__EXERCISE__:
A complete answer retypes each of the records below precisely and includes none of the pictures.
-----
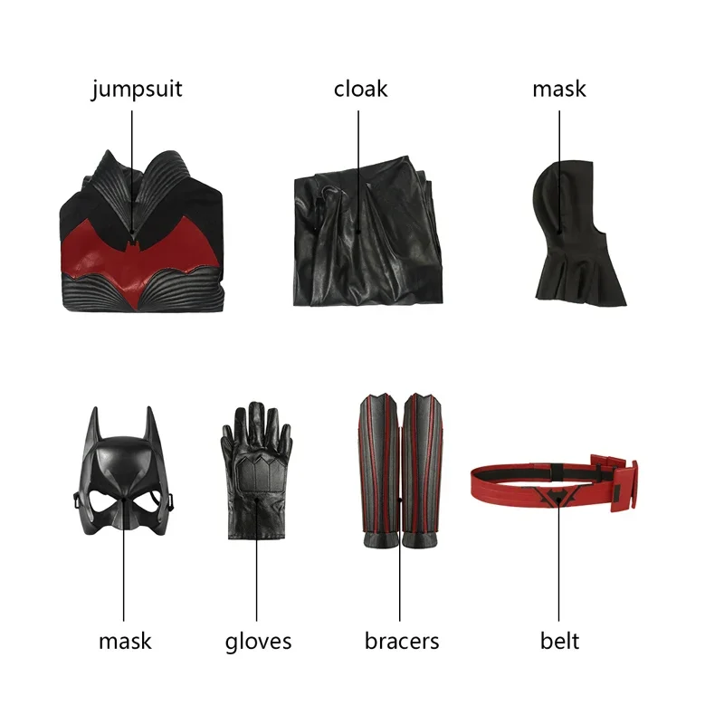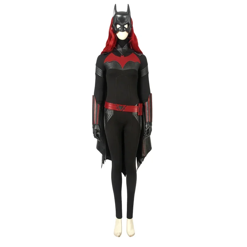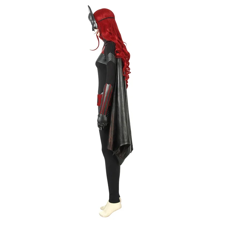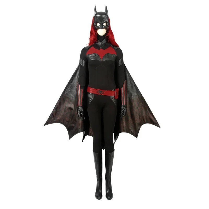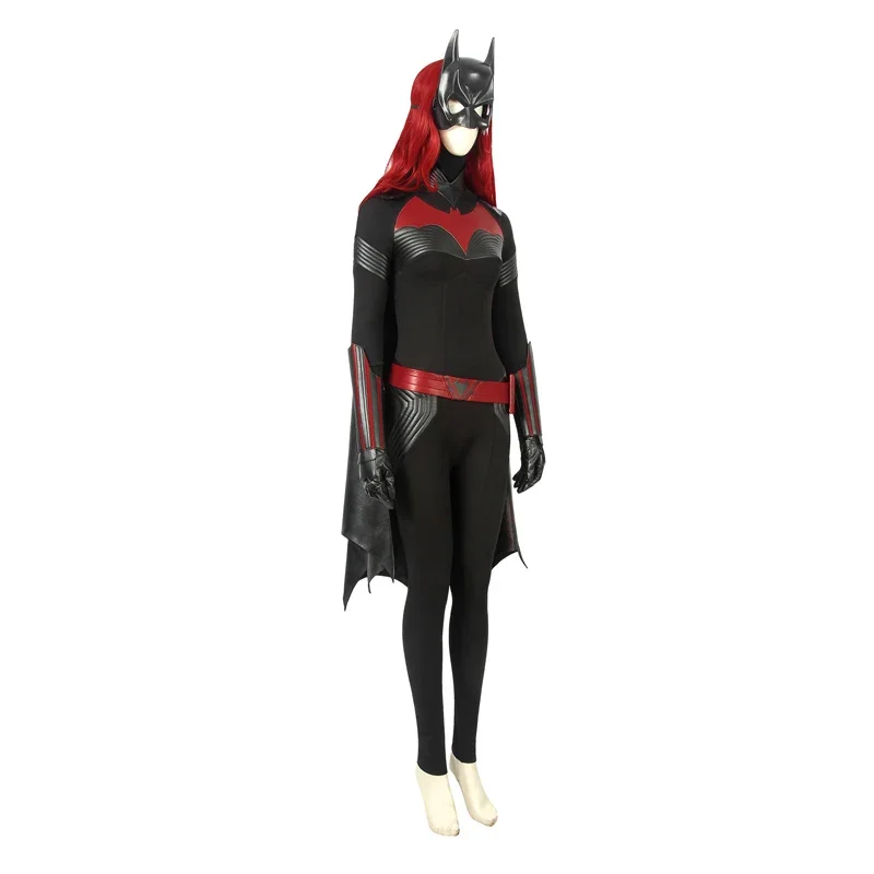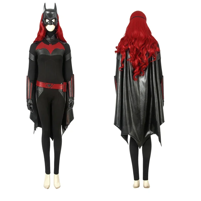 Female Batwoman Cosplay Costumes Kate Kane Roleplay Jumpsuit Superhero Black Leather Bodysuit Cloak Wig Mask Halloween Outfits
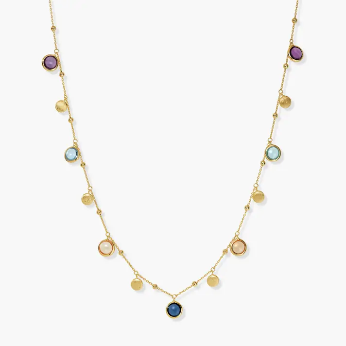 שרשרת נופר, מקולקציית ENERGY GEM - עשויה זהב 14K צהוב, בשיבוץ אבני חן טבעיות. אבני החן ידועות כבר במשך שנים רבות כאבנים ייחודיות עם כוח מיסטי ועם תכונות מעצימות, כאשר לפי האמונה, כל מי שמחזיק באבן זוכה באנרגיה מיוחדת השייכת לאותה האבן. בשרשרת זו משובצות אבני החן אמטיסט, בלו טופז, סיטרין, לונדון טופז. אורך השרשרת 43 ס"מ.
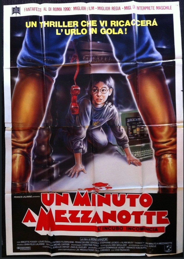 Bozzetto originale realizzato da Spataro per la locandina ufficiale del film "Un minuto a mezzanotte" diretto da René Manzor con Brigitte Fossey nel 1990. Firmato.
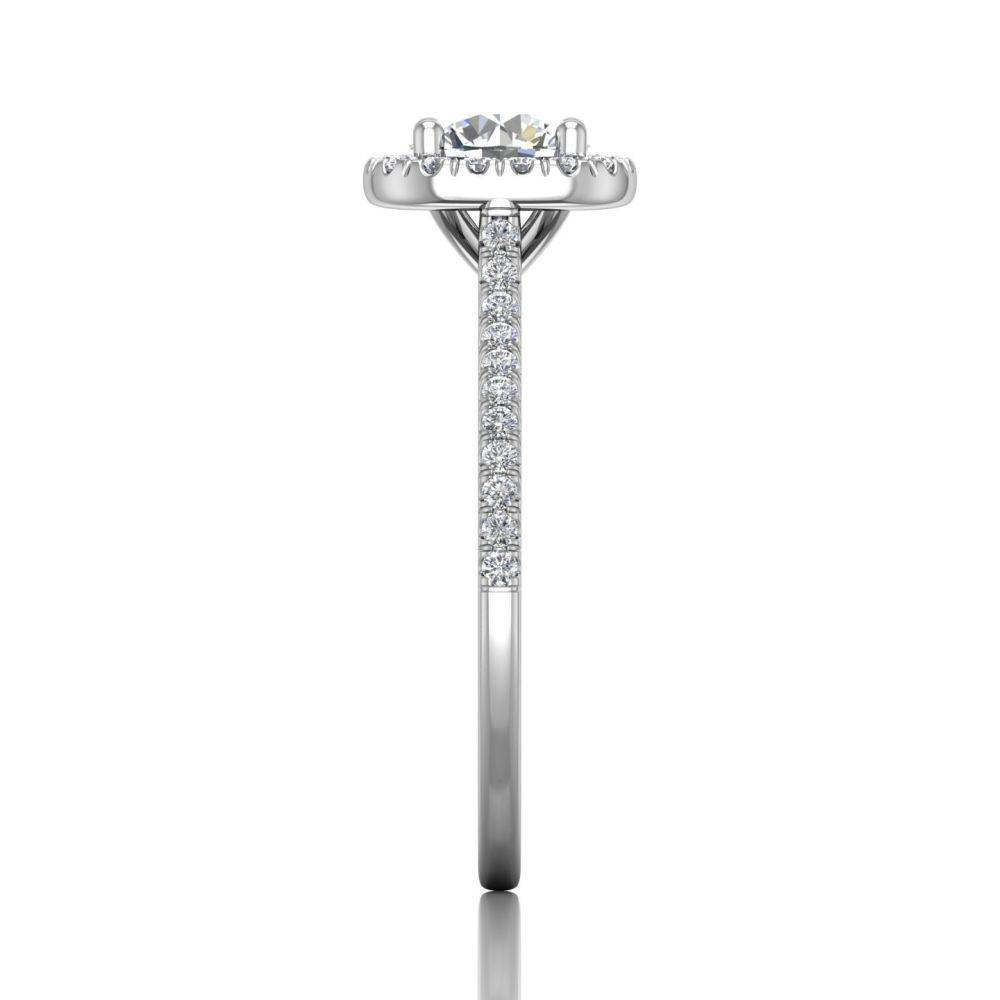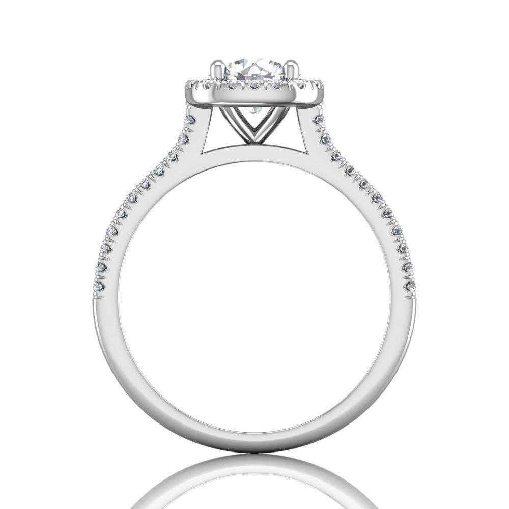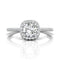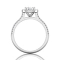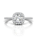 Delicate in design, this diamond engagement ring showcases a cushion halo of pave diamonds to frame the diamond of your choice set in enduring 18K white gold.
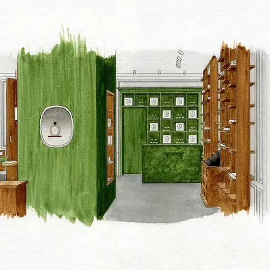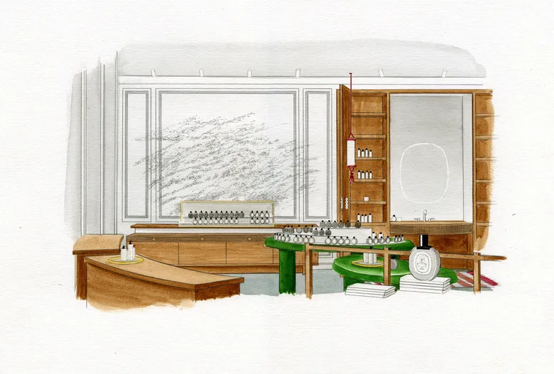 右側の壁面には一対のオーク製本棚を設置し、ホームコレクションとデコレーションコレクションを展開。ハーバリウムやキャンドルコレクションを優雅に縁取る。奥にはボディケアライン「L’art du soin(アール デュ ソワン)」の専用スペースを設け、特別に設えた大きなキャビネットに製品をディスプレイ。洗面台の上にはヴィンテージミラーを配し、温かみのあるムードを演出している。さらに、アーカイブに着想を得たグリーンのインク画を背景にしたフレグランスカウンターや、グリーンラッカー仕上げのテーブルなど、細部にまでメゾンの美意識が宿る。
-----
__RESULT OF THIS EXERCISE__:
 Female Batwoman Cosplay Costumes Kate Kane Roleplay Jumpsuit Superhero Black Leather Bodysuit Cloak Wig Mask Halloween Outfits
 שרשרת נופר, מקולקציית ENERGY GEM - עשויה זהב 14K צהוב, בשיבוץ אבני חן טבעיות. אבני החן ידועות כבר במשך שנים רבות כאבנים ייחודיות עם כוח מיסטי ועם תכונות מעצימות, כאשר לפי האמונה, כל מי שמחזיק באבן זוכה באנרגיה מיוחדת השייכת לאותה האבן. בשרשרת זו משובצות אבני החן אמטיסט, בלו טופז, סיטרין, לונדון טופז. אורך השרשרת 43 ס"מ.
 Bozzetto originale realizzato da Spataro per la locandina ufficiale del film "Un minuto a mezzanotte" diretto da René Manzor con Brigitte Fossey nel 1990. Firmato.
 Delicate in design, this diamond engagement ring showcases a cushion halo of pave diamonds to frame the diamond of your choice set in enduring 18K white gold.
 右側の壁面には一対のオーク製本棚を設置し、ホームコレクションとデコレーションコレクションを展開。ハーバリウムやキャンドルコレクションを優雅に縁取る。奥にはボディケアライン「L’art du soin(アール デュ ソワン)」の専用スペースを設け、特別に設えた大きなキャビネットに製品をディスプレイ。洗面台の上にはヴィンテージミラーを配し、温かみのあるムードを演出している。さらに、アーカイブに着想を得たグリーンのインク画を背景にしたフレグランスカウンターや、グリーンラッカー仕上げのテーブルなど、細部にまでメゾンの美意識が宿る。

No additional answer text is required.